Measuring Trade Openness: A Systematic Review
Conventional measures of trade openness based on trade volumes relative to GDP have come under criticism. Such an approach may overlook economies of scale, potential for monopolistic pricing practices, and whether weather shocks on one sector in one country may be offset by offsetting demand from nearby countries.
Methods
Conventional measures of trade openness rely on import and export measures that do not sufficiently normalize or filter to isolate value added, distorting exposure to foreign shocks. We propose an alternate measure, high order trade (HOT), that abstracts from direct trade.
This measure represents the degree to which a country depends on foreign production and is more accurate than conventional welfare cost of autarky calculations because it takes into account any potential gains that would arise from shifting closer toward free trade. Furthermore, HOTT measurements tend to be more consistent as they don’t vary based on variables like GDP per capita which may differ widely among nations.
Empirical results support our general perception that HOTT provides an accurate measure of openness and growth. We present pooled cross-section regression results as well as conditional correlation analyses taking account of country size effects.
Results
Trade-to-GDP ratio is an increasingly widely-accepted proxy of how dependent an economy’s producers and consumers are on foreign supply, making trade a proxy measure of integration into global markets. Research on openness and growth has focused heavily on this indicator as an indication of country integration into international trade markets; its findings demonstrate clearly: countries more open to trade grow faster than those less open; this effect holds even when controlling for additional variables including quality instruments.
Conventional measures of openness tend to have an extremely skewed distribution across sectors: closed sectors are more often the norm. Therefore, as Alcala and Ciccone emphasize, conducting growth regressions with multiple indicators or robustness tests is key in order to understand their consequences. HOT is one such de-facto measure which, like its predecessors, has been found associated with higher economic growth, labor productivity and import synchronization; in addition to that it also corrects for the uneven distribution of sectoral openness.
Conclusions
Conventional measures of trade openness tend to use ratios of imports and exports to GDP as an indicator of trade openness, with this measure offering an overview of what forces drive economic development.
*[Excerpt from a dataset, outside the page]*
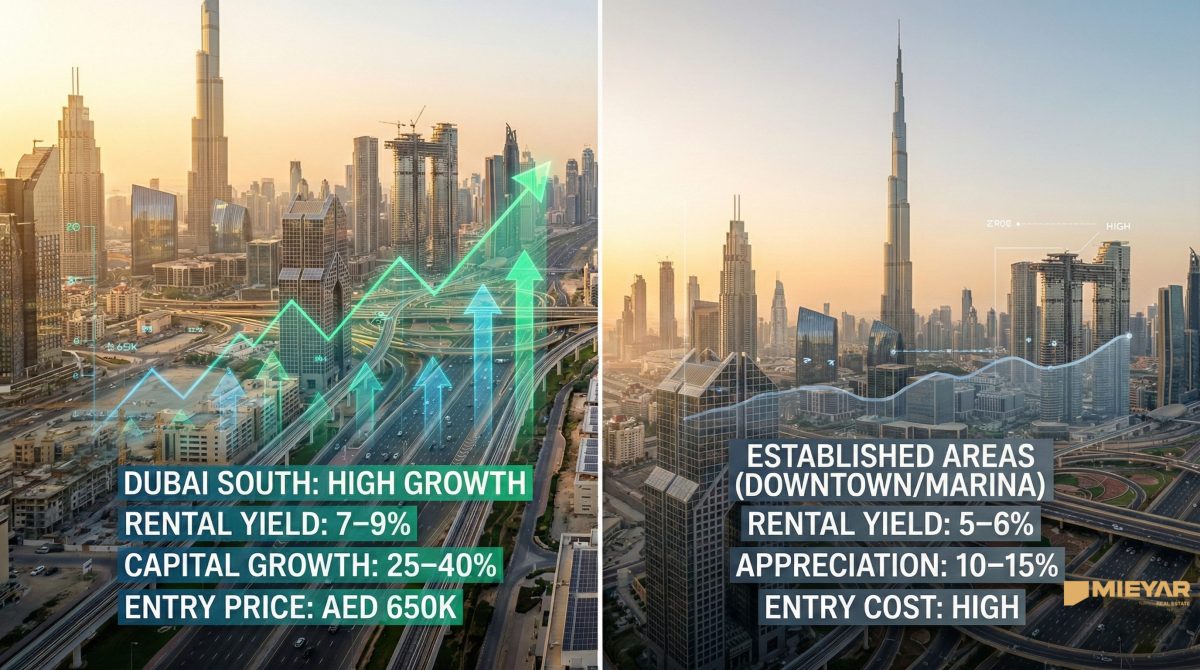 | Metric | Dubai South (2026 Est.) | Established Areas (Marina/Downtown) |
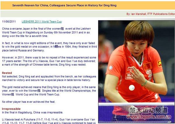 乒联文章指出,在决赛场上丁宁没有上场,但是枚团体金牌让丁宁成为了在同一年拿到世锦赛女子单打冠军、女子世界杯和团体世界杯桂冠的第一人。这样的赫赫战绩,之前还没有人拿到过。

Unfortunately, this approach can present several problems.
First, trade openness increases productivity by stimulating demand for tradable goods; however, this may have an adverse impact on nontradables, increasing denominator levels more than numerator counts and thus decreasing conventional measures of trade and thus their capacity to explain growth.
Numerous studies have addressed this topic by employing either real or hybrid measures of openness that take into account both its de-facto and financial components, adding regressors to account for country size or other potential confounders, with results usually suggesting openness is an excellent predictor of growth and income levels.
Recommendations
Economic openness is generally expected to promote growth for numerous reasons, including its ability to help countries take advantage of comparative advantages, specialize their workforces and foster innovation. Yet evidence supporting this prediction may be lacking.
One reason is that the choice of openness measure has an outsized influence on regression results, for instance the effects of various de-facto openness measures can vary dramatically on growth regression results (Rodriguez and Rodrik 2001; Yanikkaya 2003).
At present, various measures of economic openness rely on different sources of data and emphasize different aspects of it. Therefore, when selecting an openness measure it is crucial that due consideration be given to selecting one based on case-based theoretical justification and robustness checks – ideally using only one indicator across all growth regressions; an exports and imports ratio to GDP ratio remains one widely used de-facto measure of trade openness.